Only thing you need is a
* serializer class with specialized member functions for each type (or type family like std::vector)
* visitor function that calls serializer for each member
* some ugly traits/macrology to distinguish between "agreegates" - structs and leaf types

Well, example - not full here: test_structure_printer.cpp.

Germán said...

"It is able to take any type that exists in C++, and well, serialize it. Have some type which contains some types which contains a few more types which contains some other types? It's all serializeable with this function. No pre-processing, dynamic code generation, compiler hacks, or clumsy per program hierarchical parsing required. It just worksTM."

Do you mean without registering any
single struct field?
Is that the way you did it?

Richard Breen said...

What happened to this? Did you discover that it was too good to be true? Does it work with boost::any?

insane coder said...

Hi Richard,

We're using the techniques regularly in my company. We do not use Boost at all.

We decided we have more important things to do than try to publish some ideas that may exist in more primitive forms elsewhere, yet remain fully functional, which is why I haven't written about it further.

Vivien LEGER said...

That do seem like a sweet lie to me.

And th earrogance of the author speak for itself..

"We decided we have more important things to do than try to publish some ideas that may exist in more primitive forms elsewhere, yet remain fully functional"

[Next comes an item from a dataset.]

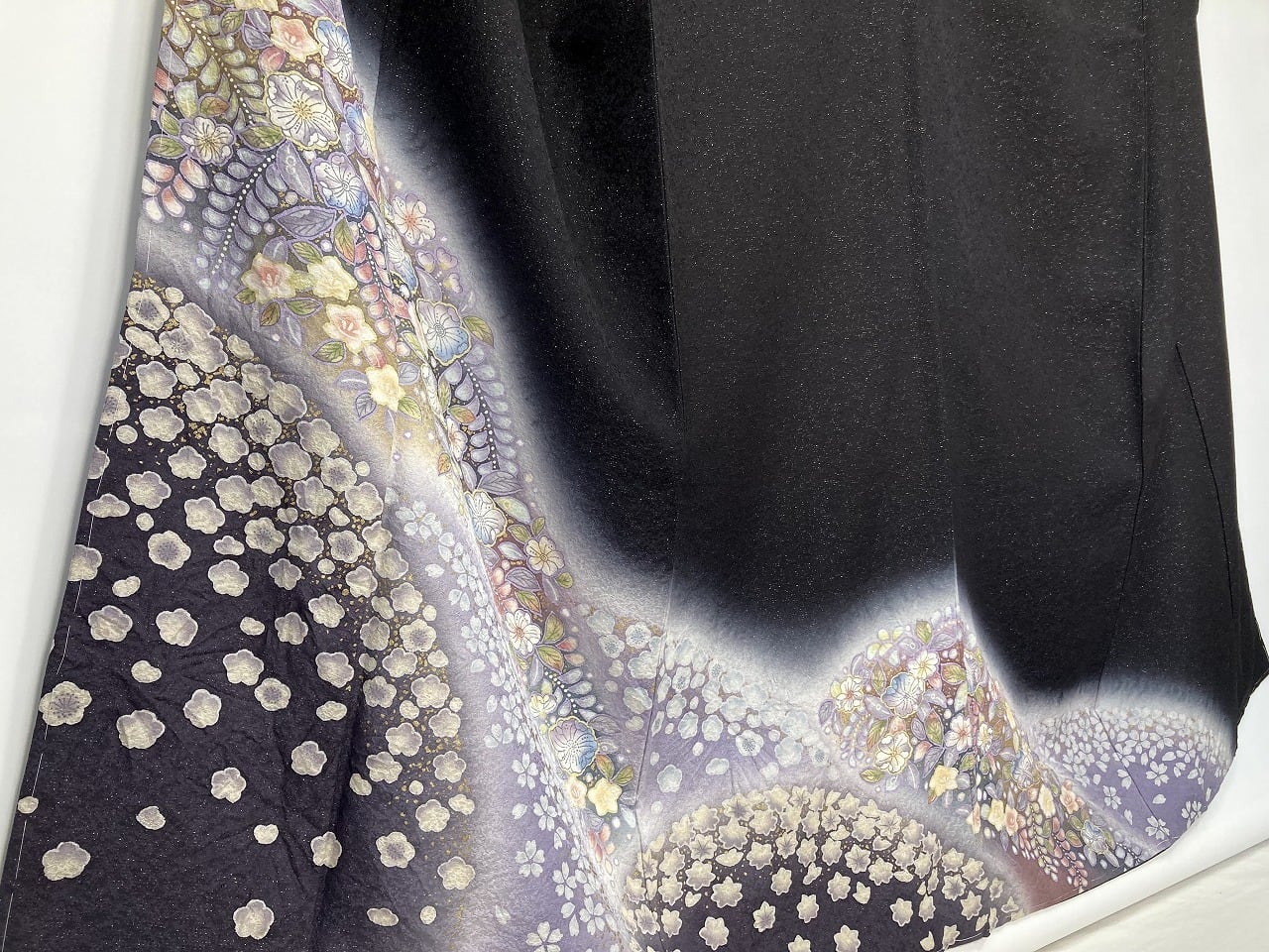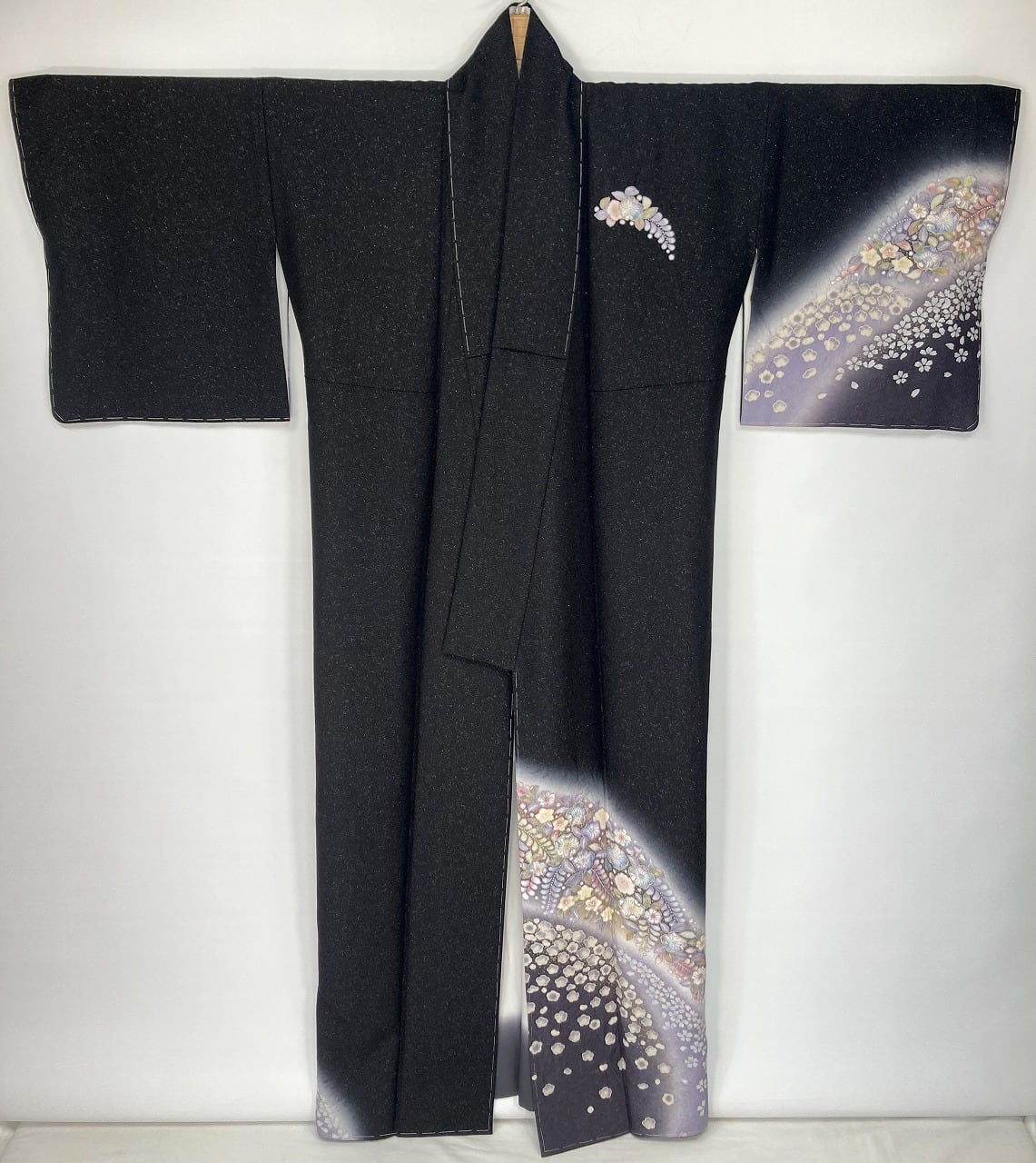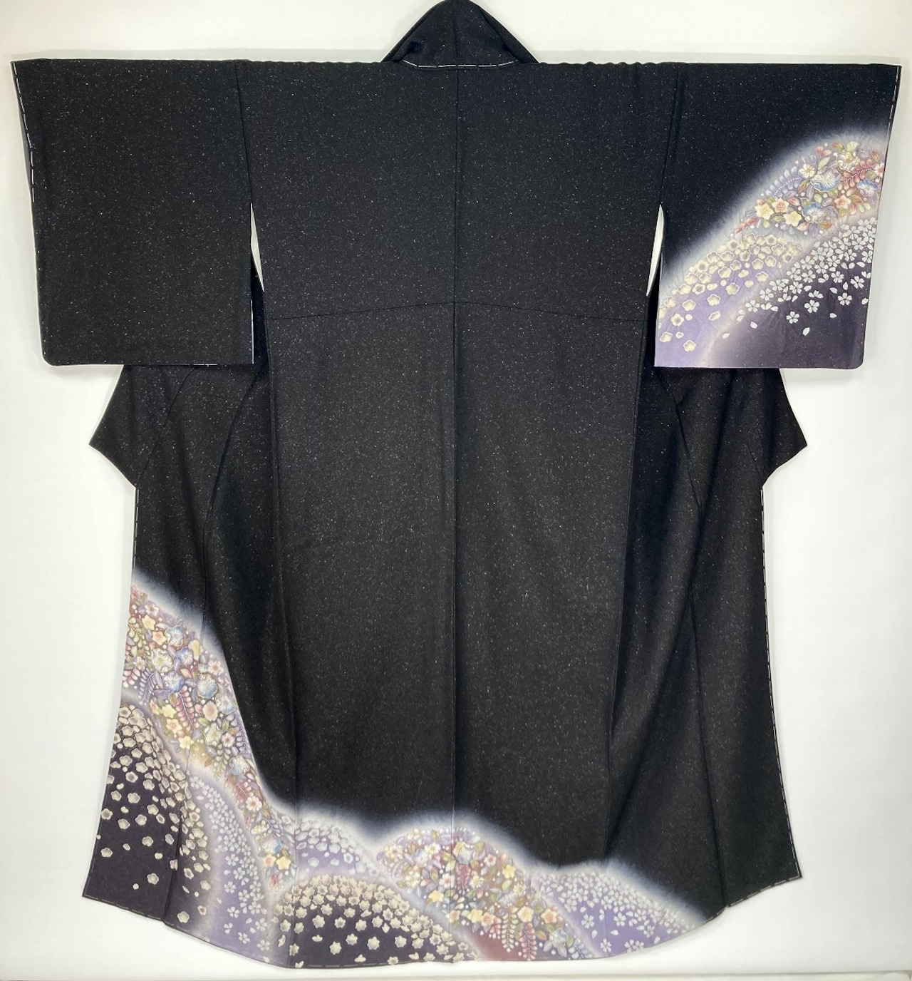 ◇黒地に銀糸が美しく煌めき、淡く優しいパステルカラーで彩られた[辻ヶ花]が映える、気品溢れるとてもエレガントな訪問着です。

this "Way ahead of you" type of person may tend to forget that 6 years after it s publication the only people that come anywhere close to this kind of feature rely and 4 different stage of library in their standard proposition and of course goes for a proposition toward refelctive and mirroring programming.

oh course you could still go for

std::string sayGoodByeToYourData(T& t){
return std::string((char*)&t,sizeof(T)); // Well i m pretty sure that sending pointers ( if the struct contains any) over socket or anything will end up perfectly..i m so gonna post on this tonight!

Avijit said...

Excellent information, I really learn this blog.